Es importante saber que los planes de tratamiento se adaptan según los síntomas y el avance de la enfermedad de cada persona. Un equipo de especialistas, que puede incluir pediatras, internistas, ortopedistas, cardiólogos, neurólogos, fisioterapeutas, terapeutas respiratorios y otros profesionales de la salud, puede trabajar en conjunto para crear un plan completo adaptado a las necesidades de cada persona.

Evolución o complicaciones

La enfermedad de Pompe es una enfermedad genética poco común. Puede presentarse y avanzar de forma diferente según la edad en que comienza. La forma más grave, llamada enfermedad de Pompe infantil clásica (de inicio infantil), suele aparecer en los primeros meses de vida. Sin tratamiento, los bebés con esta forma pueden tener problemas del corazón por agrandamiento del corazón. La esperanza de vida suele ser menor de 2 años.

Las formas menos graves pueden comenzar en la niñez, la adolescencia o la edad adulta. En estos casos, los síntomas pueden aparecer más despacio y empeorar con el tiempo. La debilidad muscular es común y puede aumentar conforme avanza la enfermedad. Las personas con enfermedad de Pompe de inicio tardío pueden presentar:

  • Debilidad de los músculos que ayudan a respirar
  • Calambres musculares
  • Dificultades para moverse
  • Una forma de caminar diferente a la habitual

Las complicaciones varían según la gravedad y la evolución de la enfermedad.
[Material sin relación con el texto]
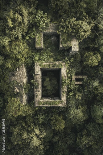 overgrown, ruin, stone, forest, tree, green, vegetation, aerial, view, nature, abandoned, wall, structure, mossy, decay, reclaimed, hidden, mystery, ancient, weathered, forgotten, solitude, tranquil, peaceful, dark, shadow, leaf, branch, wilderness, remote
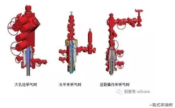 按生產井類別和完井生產方式,可分為自噴井、電潛泵井、氣舉井、螺桿泵井和注水井、氣井的采油樹等。
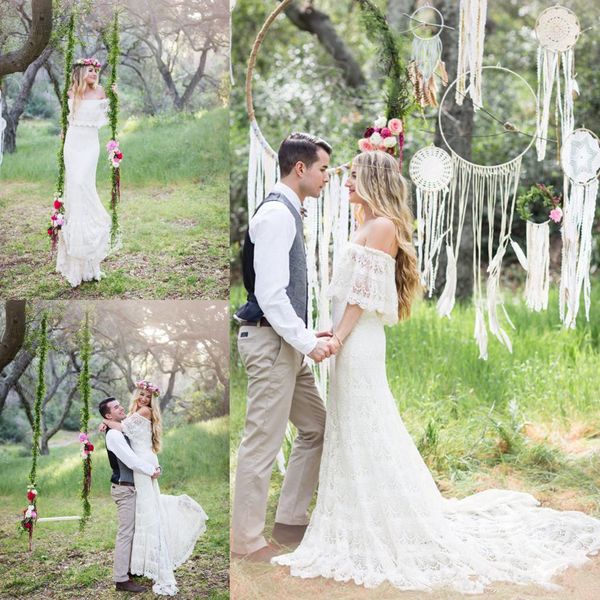 Vintage Bohemia Wedding Dresses 2019 Off Shoulder Crochet Lace
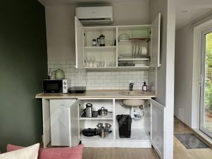 Мини-кухня: плита, микроволновка, холодильник, полный комплект посуды.
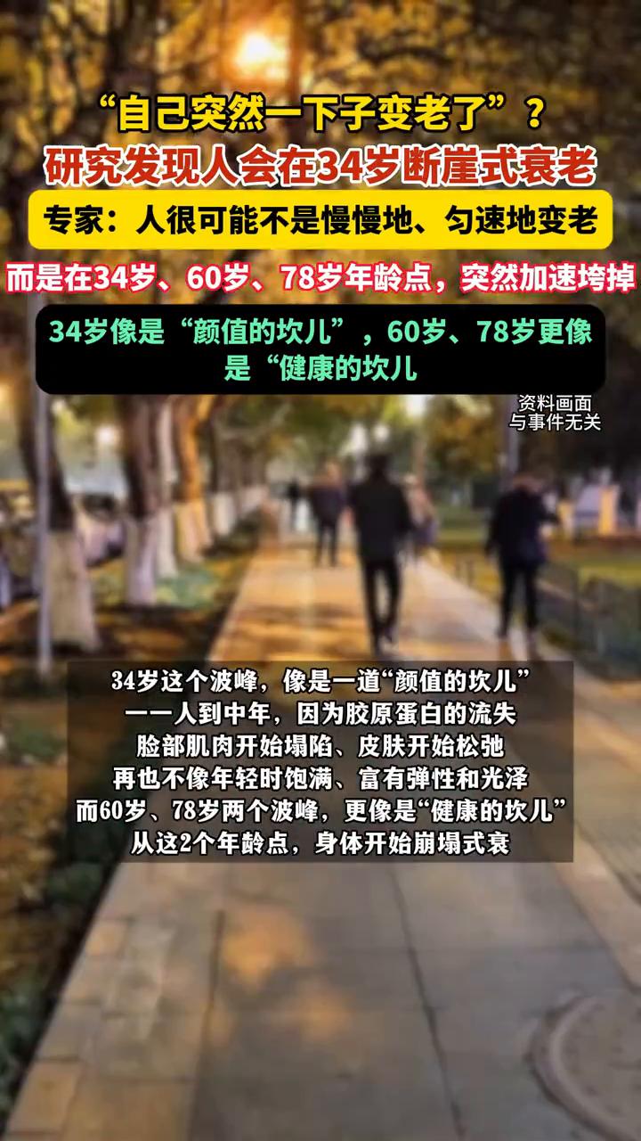"自己突然一下子变老了"?研究发现人会在34岁断崖式衰老。 专家:人很可能不是慢慢地、匀速地变老,而是在34岁、60岁、78岁年龄点突然加速垮掉。34岁像是"颜值的坎儿",60岁、78岁更像是"健康的坎儿"。 据生命时报报道,在20多岁时,即使天天熬夜、三餐不规律,但皮肤还是紧致的、细纹和白发还不太明显,像一颗保养得当的苹果。而过了某个年龄点,比如30多岁,即使已经注意养生了,但人还是跟泄了气的皮球似的迅速变得干瘪和苍老,身体各方面都感觉大不如前。在某个年龄后感到"老得更快",这不是你的错觉。 来自美国斯坦福大学的团队发表在《Nature Medicine》的一篇论文指出,人很可能不是慢慢地、匀速地变老,而是在34岁、60岁、78岁年龄点突然加速垮掉。 研究人员发现,在34岁时细胞外基质(ECM)相关的蛋白质大量减少,而ECM的代表之一就是我们熟悉的胶原蛋白。34岁的这一变化将对整个人生都影响明显。34岁这个波峰像是一道"颜值的坎儿"。人到中年,因为胶原蛋白的流失,脸部肌肉开始塌陷、皮肤开始松弛,再也不像年轻时饱满、富有弹性和光泽。而60岁、78岁两个波峰更像是"健康的坎儿"。从这2个年龄点,身体开始崩塌式衰老。

En los casos de inicio infantil, sin tratamiento, las complicaciones del corazón o de la respiración son causas frecuentes de muerte. En los casos de inicio tardío, después de varios años puede presentarse insuficiencia respiratoria (cuando no se puede respirar lo suficiente).

El tratamiento se centra en la persona y depende de sus síntomas y de cómo avanza la enfermedad. Un equipo de especialistas suele trabajar en conjunto para crear un plan de tratamiento personalizado para cada persona con enfermedad de Pompe.

Aunque el tratamiento no puede curar por completo la enfermedad de Pompe, sí puede cambiar su curso al frenar su avance y reducir las complicaciones. Un diagnóstico temprano y empezar el tratamiento pronto son clave para lograr el mayor beneficio. Es importante que usted trabaje de cerca con su equipo de atención médica para elegir las opciones de tratamiento más adecuadas para su situación.